* Exercise
Retype the listing found below exactly, but leave out each picture.

* Data shown
┏━━

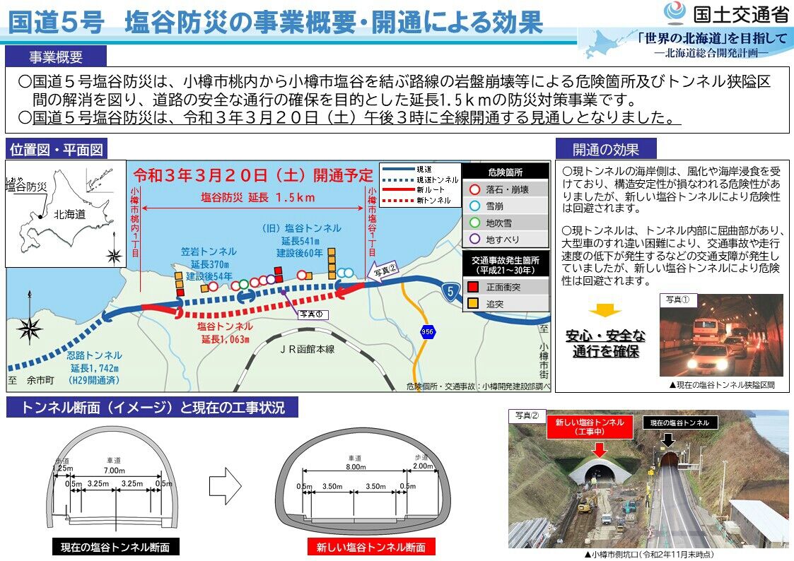 🐻👍②【小樽新塩谷トンネル3月20日開通❕】小樽開建が国道5号の小樽市桃内―塩谷間に建設していた「塩谷トンネル」(全長1063メートル)が、20日午後3時に開通する。旧トンネルの急カーブ解消や、海岸浸食による将来的な崩落回避を目的に、2015年度に着工し、6年かけ整備した。
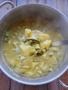- Next, pour in the vegetable broth, water, coconut cream (or crème fraîche) and optional nutritional yeast. Bring the soup to a boil and then reduce to a simmer. Continue to simmer until the potatoes are very soft and falling apart, about 15 to 25 minutes (depending on potato variety and size). If you don’t plan to blend the soup, cook until the potatoes are fork-tender but not falling apart.
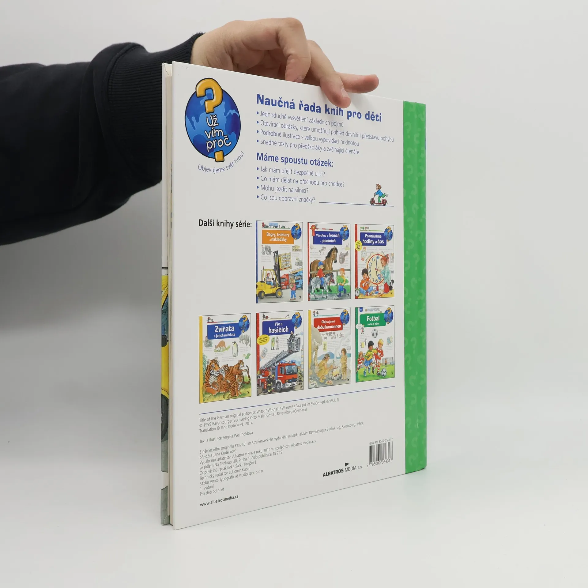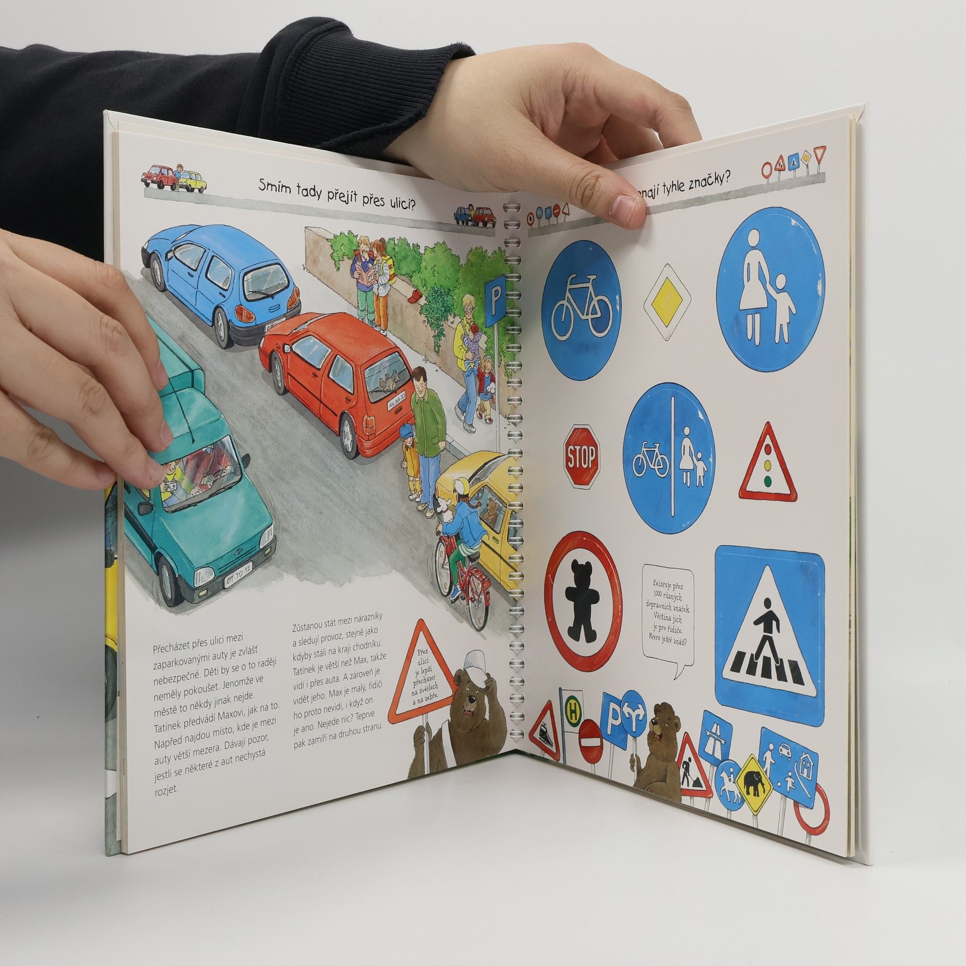 Další z populární řady knih pro nejmenší vysvětluje tentokrát dětem, jak se mají chovat na ulici, chodníku nebo silnici, seznámí je se základními dopravními značkami – to vše opět názorným způsobem – propojením textu s ilustracemi a otevíracími okénky.

┗━━

* Answer box
 🐻👍②【小樽新塩谷トンネル3月20日開通❕】小樽開建が国道5号の小樽市桃内―塩谷間に建設していた「塩谷トンネル」(全長1063メートル)が、20日午後3時に開通する。旧トンネルの急カーブ解消や、海岸浸食による将来的な崩落回避を目的に、2015年度に着工し、6年かけ整備した。
- Next, pour in the vegetable broth, water, coconut cream (or crème fraîche) and optional nutritional yeast. Bring the soup to a boil and then reduce to a simmer. Continue to simmer until the potatoes are very soft and falling apart, about 15 to 25 minutes (depending on potato variety and size). If you don’t plan to blend the soup, cook until the potatoes are fork-tender but not falling apart.
 Další z populární řady knih pro nejmenší vysvětluje tentokrát dětem, jak se mají chovat na ulici, chodníku nebo silnici, seznámí je se základními dopravními značkami – to vše opět názorným způsobem – propojením textu s ilustracemi a otevíracími okénky.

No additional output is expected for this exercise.